[PROVIDED DATA — start]

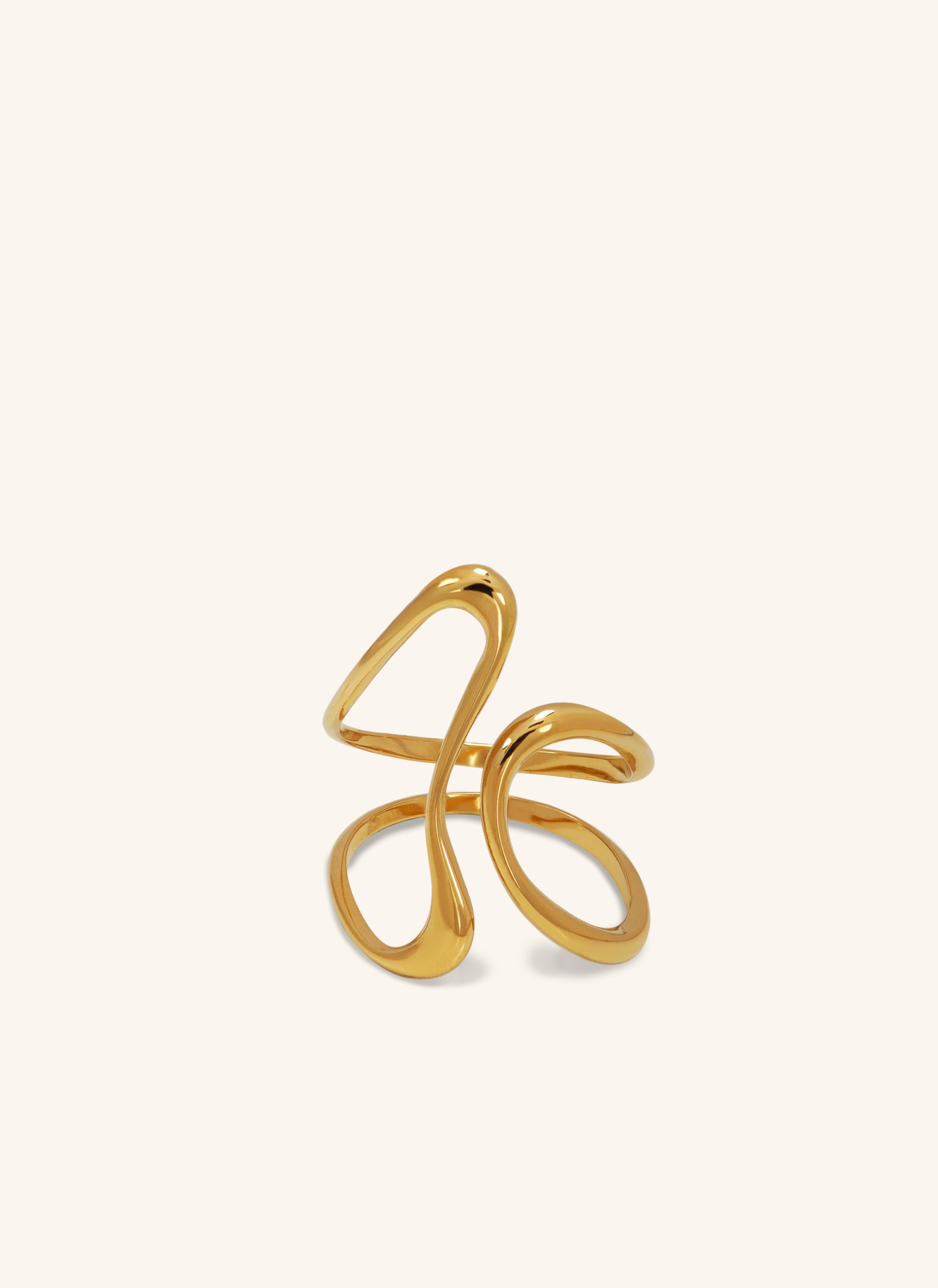 Δαχτυλίδι με κυματιστή, αφαιρετική γραμμή – ένα ανάλαφρο σχήμα που δίνει αρχιτεκτονική κομψότητα σε κάθε χέρι. Φόρεσε το μόνο του ή με λεπτές βέρες.
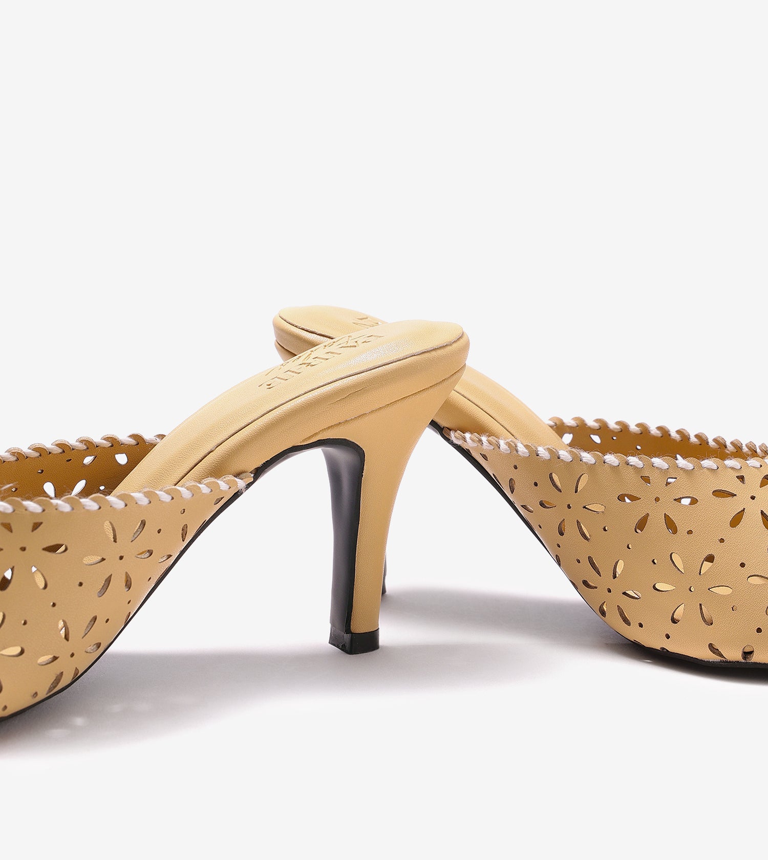 Laser Cutwork Stiletto Mules - Yellow
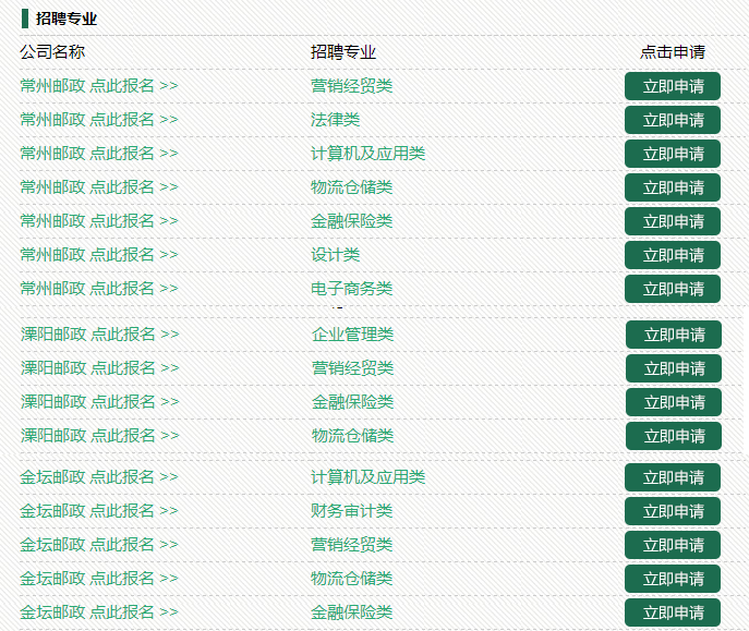 常州郵政及所轄縣(市、區)分公司招聘條件:

[PROVIDED DATA — finish]

## EXERCISE DESCRIPTION
Only the lines from the one with "Laser Cutwork Stiletto Mules - Yellow" to the last line of the listing, inclusive, are to be set down, exactly as they stand and without pictures.

## PROBLEM SOLUTION
 Laser Cutwork Stiletto Mules - Yellow
 常州郵政及所轄縣(市、區)分公司招聘條件:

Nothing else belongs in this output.